## DATASET EXTRACT
--- START ---

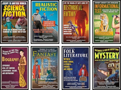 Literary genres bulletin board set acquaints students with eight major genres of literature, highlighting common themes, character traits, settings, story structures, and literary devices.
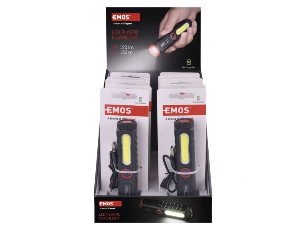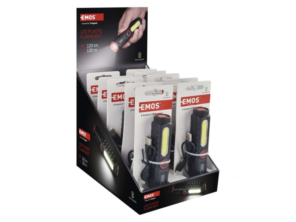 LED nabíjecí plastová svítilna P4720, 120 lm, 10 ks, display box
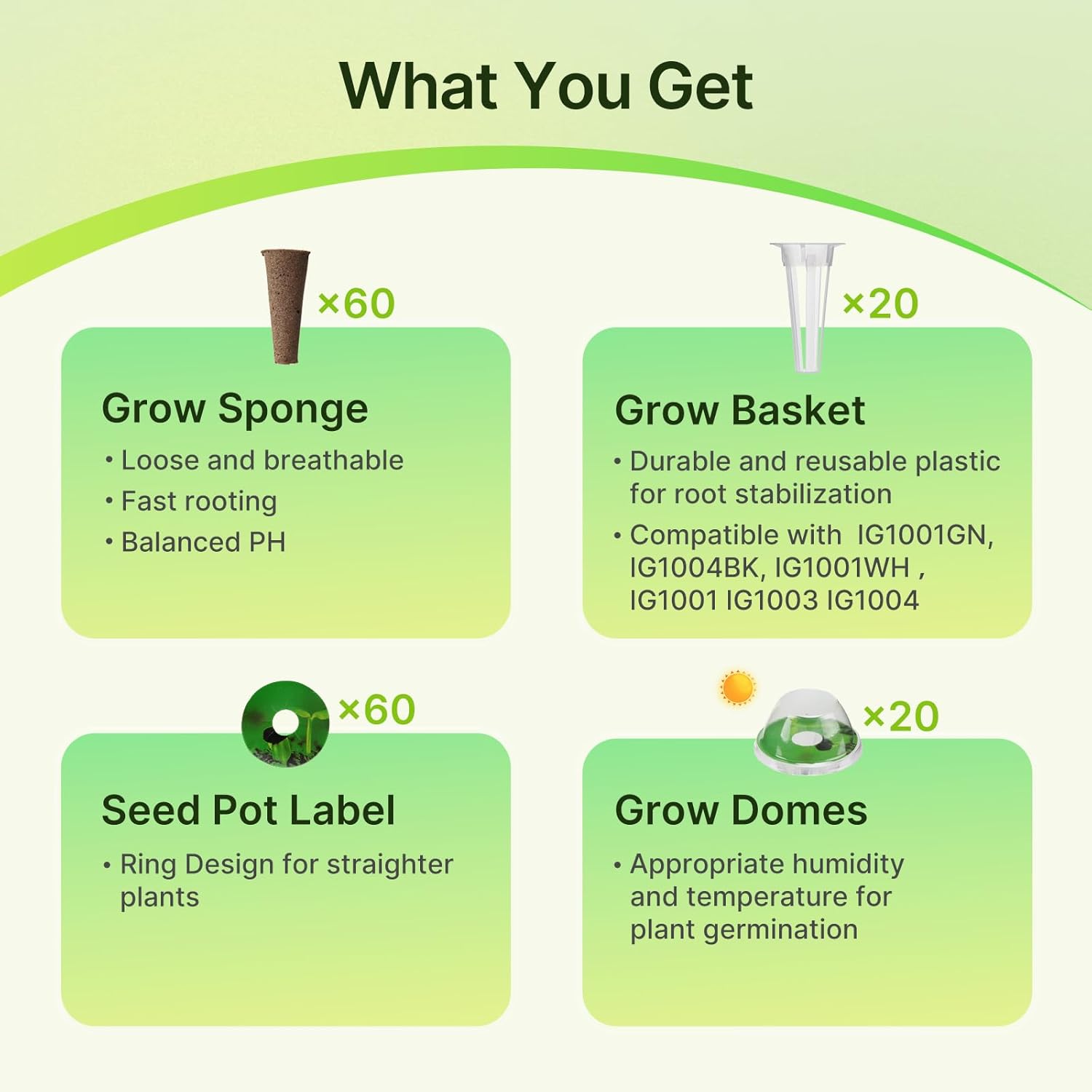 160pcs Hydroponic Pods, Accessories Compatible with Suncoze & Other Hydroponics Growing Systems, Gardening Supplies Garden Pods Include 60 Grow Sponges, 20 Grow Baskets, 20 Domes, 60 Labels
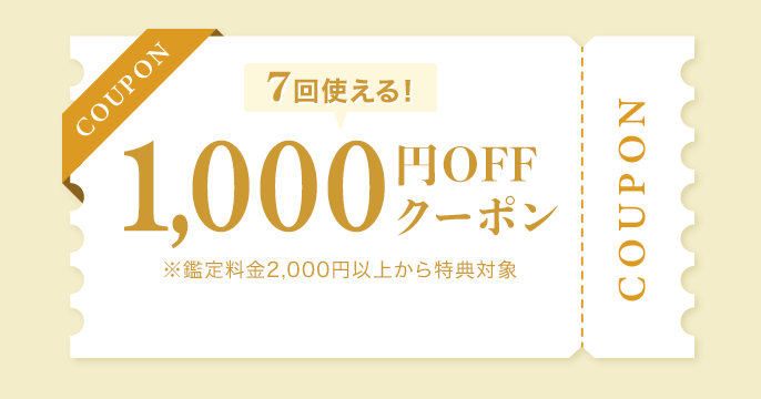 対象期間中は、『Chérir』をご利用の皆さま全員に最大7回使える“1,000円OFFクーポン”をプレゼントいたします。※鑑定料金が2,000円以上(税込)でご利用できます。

--- END ---

## WHAT TO DO
With pictures excluded, restate word for word the lines from the one that contains "LED nabíjecí plastová" through the end of the material, inclusive, and nothing more.

## RESPONSE TO THE EXERCISE
 LED nabíjecí plastová svítilna P4720, 120 lm, 10 ks, display box
 160pcs Hydroponic Pods, Accessories Compatible with Suncoze & Other Hydroponics Growing Systems, Gardening Supplies Garden Pods Include 60 Grow Sponges, 20 Grow Baskets, 20 Domes, 60 Labels
 対象期間中は、『Chérir』をご利用の皆さま全員に最大7回使える“1,000円OFFクーポン”をプレゼントいたします。※鑑定料金が2,000円以上(税込)でご利用できます。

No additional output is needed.